В конце апреля в цирке, самом вместительном здании Киева, собрался “Хлеборобский Конгресс”. Съехалось на него что-то около шести с половиной тысяч кулаков со всей Украины. В столицу они направлялись с твердым намерением покончить с Радой, которая постоянно угрожала им то социализацией, то национализацией земли. На конгрессе выбрали нового главу государства – гетмана. Им стал Петр Скоропадский, до революции служивший в свите Николая II. Это был более чем состоятельный помещик, в прошлом командир аристократического гвардейского полка. И тут же, еще до окончания Конгресса, отряды “гетьманцев” заняли все правительственные здания и учреждения. Захват заключался в том, что деятелей Рады попросту выгнали на улицу, не применив к ним никаких репрессий. Раду свергли без видимого участия немцев, но с их молчаливого согласия.
Скоропадский обладал примерно такой же легитимностью, что и Рада, но значительная часть населения, по крайней мере киевлян, отнеслась к нему лояльнее. Причина была в том, что в административных делах он быстро навел порядок. После хаоса предыдущего года это казалось каким-то невиданным достижением. Улицы стала патрулировать полиция-варта, стрелять перестали; на рынках появились хлеб и мясо.
И тут в Киев из Петрограда и Москвы хлынул поток недовольных большевиками. Там уже разогнали Учредительное собрание, и стало предельно ясно, что имущим гражданам от Советов ничего хорошего ждать не приходится. С фронта в город прибывали офицеры.
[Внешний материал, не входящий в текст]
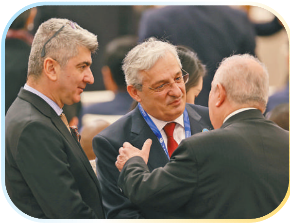
左图：第三届“一带一路”国际合作高峰论坛开幕式现场。

(本报记者 车斌、赵益普、万宇、龚鸣、王新萍、刘仲华、黄培昭、王海林、宋亦然、李强、孙广勇、陈一鸣、李欣怡)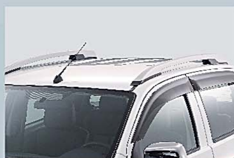
2 車頂行李架 Roof Rail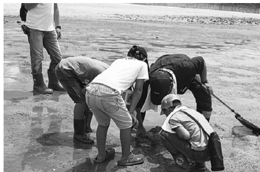
【城山や干潟における自然観察会】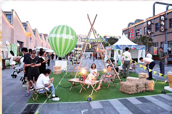
市民盡情享受夏日啤酒盛宴。

本報7月14日訊 13日晚，2024青島登州路啤酒街開街暨市北區啤酒音樂節啟動儀式舉行，在煥新起勢的青島文化市場，登州路打開新大門，以“仲夏酒街嗨翻天”為主題，拉开了今夏啤酒狂歡的序幕。本次開街慶典新增多個喜聞樂見的互動環節和體驗，為市民遊客奉獻了一場活力激情的夏日狂歡盛宴。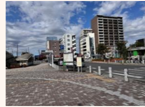
▲北口駅前広場 (現状)

南流山駅の利用者数は増加傾向の一方で、駅前には訪れる人が少なく、通過が中心の空間になっています。本計画は、駅前広場の整備を起点として、 周辺民有地の更新誘導 や 沿道空間の形成 、さらには 駅周辺における回遊性の向上につなげる ことを目的としています。なお、本計画の対象区域は、 南流山駅の北口駅前広場および南口駅前広場 とします。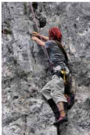
Wspinaczka skalna w Dolinie Bolechowickiej

Teren Parku jest wspaniałym obszarem do uprawiania tego typu aktywności. Ciekawą trasą może być okrężny odcinek Kobyłany – Dolina Kobyłańska – Będkowice – Dolina Będkowska – Kobyłany o długości około 8,5 km. W Parku oraz jego najbliższych okolicach odbywa się kilka dużych imprez biegowych, między innymi: Jurajski Półmaraton w Rudawie (czerwiec) oraz Bieg po Dolinie Będkowskiej (wrzesień).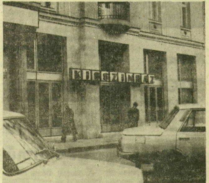
A Kisszínház bejárata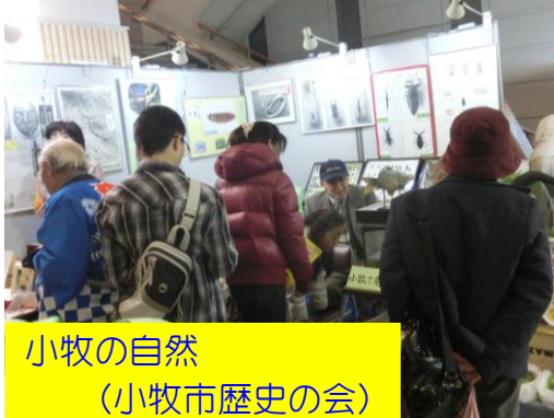
小牧の自然 (小牧市歴史の会)

屋内では、環境づくりで活躍している市民活動団体の皆さんによる、楽しい体験型のブースが多数出展されました。マイバッグ作り、菜種油しぼり体験、貴重な「白玉星草」の展示、森の工作、そのほか「たまごパズル」、ごみ減量化を目指して「ごみの分別ゲーム」等、環境都市づくりをめざした体験、展示がされました。日曜日は菜の花畑で好評だった恐竜を使い写真撮影コーナーを設置し、110名を超える皆さんが、撮影した写真をケースに入れて、うれしそうに持ち帰りました。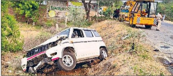
तोशाम। खाई में गिरने से क्षतिग्रस्त हुई गाड़ी।

तोशाम को भिवानी से जोड़ने वाला तोशाम-भिवानी मार्ग ऊंचा तथा संकरा होने के कारण दिन-प्रतिदिन हादसों का मार्ग बनता जा रहा है। जिसके कारण अब तक अनेक वाहन चालक काल का ग्रास भी बन चुके हैं लेकिन संबंधित विभाग, प्रशासन तथा सरकार के नुमाइंदे इस तरफ कोई ध्यान नहीं दे रहे हैं। उल्लेखनीय है कि तोशाम-भिवानी मार्ग काफी ऊंचा बना हुआ है जिसके कारण सड़क के दोनों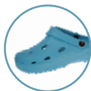
Artikel 8900050 Farbe: hellblau

Кто-то возвращался домой, кто-то, уехав из России царской, не желал возвращаться в Россию советскую, и оседал здесь, в Киеве.
«Город жил странною, неестественной жизнью… Бежали седоватые банкиры со своими женами, бежали талантливые дельцы, оставившие доверенных помощников в Москве, которым было поручено не терять связи с тем новым миром, который нарождался в Московском царстве, домовладельцы, покинувшие дома верным тайным приказчикам, промышленники, купцы, адвокаты, общественные деятели. Бежали журналисты, московские и петербургские, продажные, алчные, трусливые. Кокотки. Честные дамы из аристократических фамилий. Их нежные дочери, петербургские бледные развратницы с накрашенными карминовыми губами. Бежали секретари директоров департаментов, юные пассивные педерасты. Бежали князья и алтынники, поэты и ростовщики, жандармы и актрисы императорских театров. Вся эта масса, просачиваясь в щель, держала свой путь на Город… В квартирах спали на диванах и стульях. Обедали огромными обществами за столами в богатых квартирах. Открылись бесчисленные съестные лавки-паштетные, торговавшие до глубокой ночи, кафе, где подавали кофе и где можно было купить женщину, новые театры миниатюр, на подмостках которых кривлялись и смешили народ все наиболее известные актеры, слетевшиеся из двух столиц, открылся знаменитый театр "Лиловый негр" и величественный, до белого утра гремящий тарелками, клуб "Прах" (поэты – режиссеры – артисты – художники) на Николаевской улице. Тотчас же вышли новые газеты, и лучшие перья в России начали писать в них фельетоны и в этих фельетонах поносить большевиков. Извозчики целыми днями таскали седоков из ресторана в ресторан, и по ночам в кабаре играла струнная музыка, и в табачном дыму светились неземной красотой лица белых, истощенных, закокаиненных проституток»[3].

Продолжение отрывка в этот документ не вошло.